In 2006, a Yale student’s video resume caught the attention of Gawker, which named him the charter member of the “Douchebag Hall of Fame.” Gawker solicited “information on titanic douchebag Aleksey Vayner,” which got responses like:
I graduated in June and remember this [douchebag] talking way too loudly in the dining hall. In between powering whole chickens, he would high-five the smarmy, mustachioed dining hall managers and, in general, had the air of a slightly thick Afrikaner rugby player just chilling during apartheid. He also had atrocious arm acne.
You can feel the tipster straining to imitate the Gawker style, building an indictment out of relatively minor social infractions, such as engaging with workers in the school cafeteria. Everyone wanted to write like Gawker! Vayner was hounded by the internet and eventually changed his name. He died, at 29, in 2013. After Vayner's death, CNBC’s John Carney wrote:
Looking back now, I think its safe to say that Vayner was in some ways a victim of technological innovation. YouTube was less than a year old. The ability to include a link to a video on your resume was brand new. The rules for such things weren’t yet well-understood. Someone was bound to make an epic error in judgment. Vayner got to be that someone.

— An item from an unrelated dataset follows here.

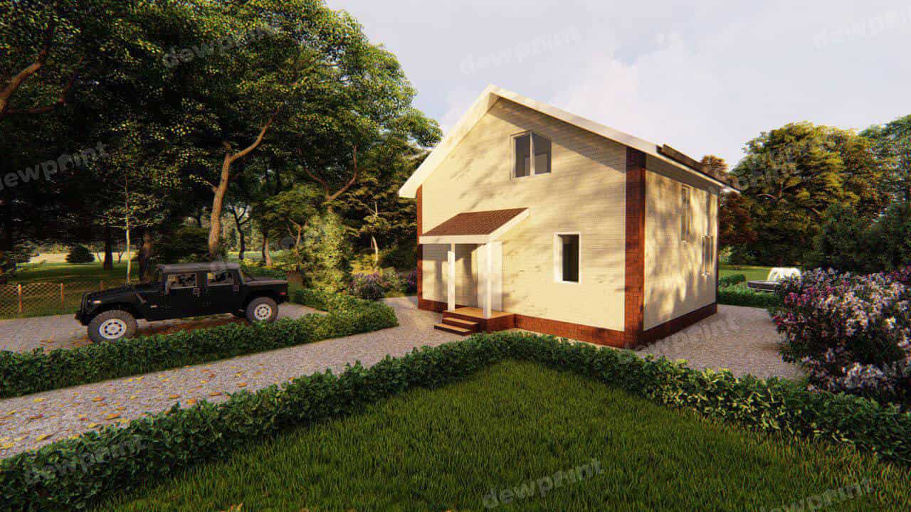Цей 2-поверховий будиночок з мансардним поверхом підійде як для дачі, так і для постійного проживання.
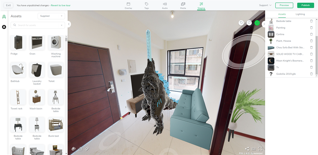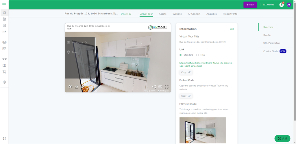 Matterport建立好3D環(huán)景空間,複製連結(jié)到此處,即可開始進行編輯。

The rules are now better understood. What’s also understood is that everyone has embarrassing photos of themselves somewhere. Everyone has stupid party photos on Facebook, or nude photos on some forgotten flip phone, or stray comments on a random YouTube video, or Gchat transcripts that could indict you on far worse crimes than douchebaggery.
People used to sort of shrug—anyone dumb enough to put something embarrassing online deserves the epic humiliation that might come from it. But that sentiment is fading. Now we can look at someone like an outed Condé Nast executive and think, “That could be me.”